■ **DATA PROVIDED**
──────
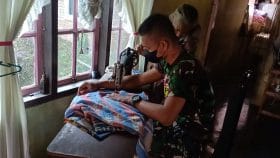 Satgas TMMD ke 111 Kodim 0212/TS belajar menjahit bersama masyarakat Desa Siuhom,, Kec Angkola Barat, Kab Tapanuli Selatan
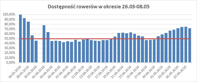 Mimo, że od kilku dni notuje się wzrost dostępności rowerów MEVO, a system osiągnął poziom 70 proc. w dalszym ciągu jest nieakceptowalny przez zleceniodawcę.
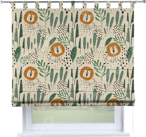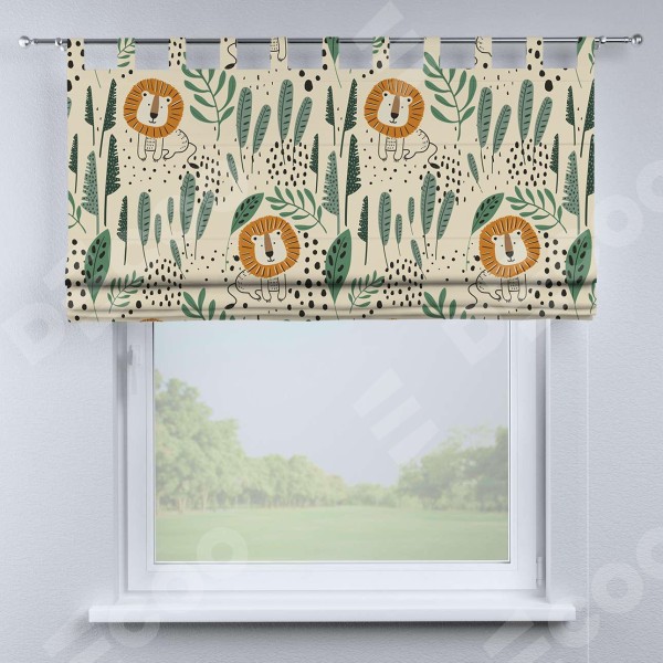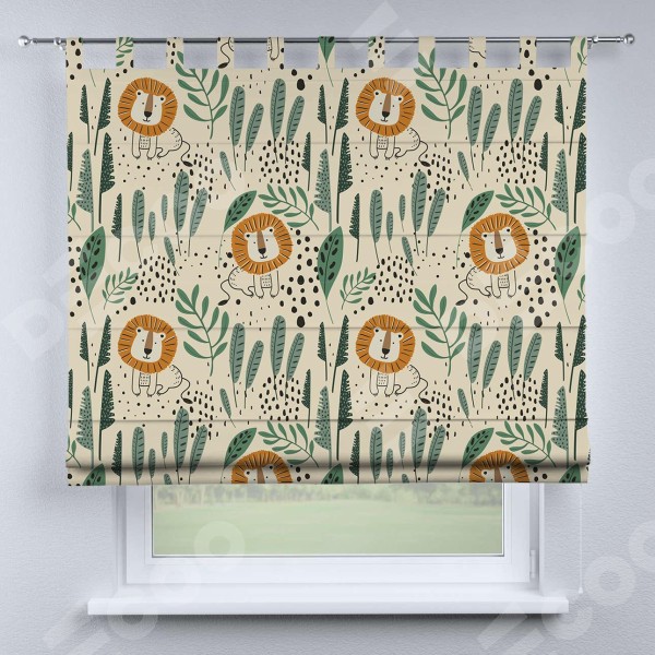 Римская штора производителя «Cortin», используется для проёма, пошита из ткани блэкаут с нанесением сублимационной печати «Лев из джунглей». Данная модель пошита на петлях, комплектуется на выбор круглым карнизом и подходит для монтажа на стену. Римская штора на петлях имеет простую систему регулировки высоты, отличительным преимуществом данной модели является простой способ монтажа. Достаточно повесить ее на трубу и штора готова!
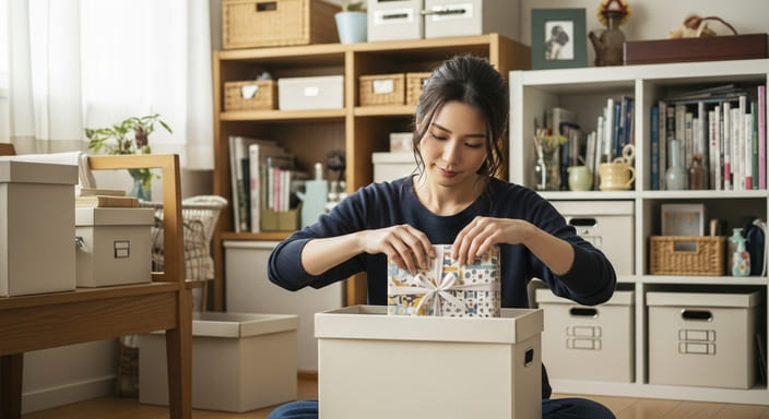 地味な袋、普段からある収納ボックスにIN。段ボールは開封して隠しやすく。さらに、家の中に既にある“存在理由がはっきりしている収納”に紛れ込ませると強いです。たとえば、日用品のストックボックス、書類ケース、ママの趣味道具のケース、パパの仕事用バッグ近くなど、日常風景に溶け込ませましょう。袋はドラッグストアやスーパーの無地紙袋、旅行グッズ収納袋などが便利。透明素材の袋は絶対避けて。音が出る包装材は布に包むか、古いタオルで包んで“生活感”を演出すると違和感ゼロになります。子どもは“特別感”に敏感なので、あえて生活感で覆い隠すのがポイントです。
──────
■ **WHAT NEEDS TO BE DONE**
What you give back must be exactly the lines of the listing above from the line containing "Mimo, że od" through its last line, inclusive, without pictures, please.

■ **RESPONSE TO THE TASK**
 Mimo, że od kilku dni notuje się wzrost dostępności rowerów MEVO, a system osiągnął poziom 70 proc. w dalszym ciągu jest nieakceptowalny przez zleceniodawcę.
 Римская штора производителя «Cortin», используется для проёма, пошита из ткани блэкаут с нанесением сублимационной печати «Лев из джунглей». Данная модель пошита на петлях, комплектуется на выбор круглым карнизом и подходит для монтажа на стену. Римская штора на петлях имеет простую систему регулировки высоты, отличительным преимуществом данной модели является простой способ монтажа. Достаточно повесить ее на трубу и штора готова!
 地味な袋、普段からある収納ボックスにIN。段ボールは開封して隠しやすく。さらに、家の中に既にある“存在理由がはっきりしている収納”に紛れ込ませると強いです。たとえば、日用品のストックボックス、書類ケース、ママの趣味道具のケース、パパの仕事用バッグ近くなど、日常風景に溶け込ませましょう。袋はドラッグストアやスーパーの無地紙袋、旅行グッズ収納袋などが便利。透明素材の袋は絶対避けて。音が出る包装材は布に包むか、古いタオルで包んで“生活感”を演出すると違和感ゼロになります。子どもは“特別感”に敏感なので、あえて生活感で覆い隠すのがポイントです。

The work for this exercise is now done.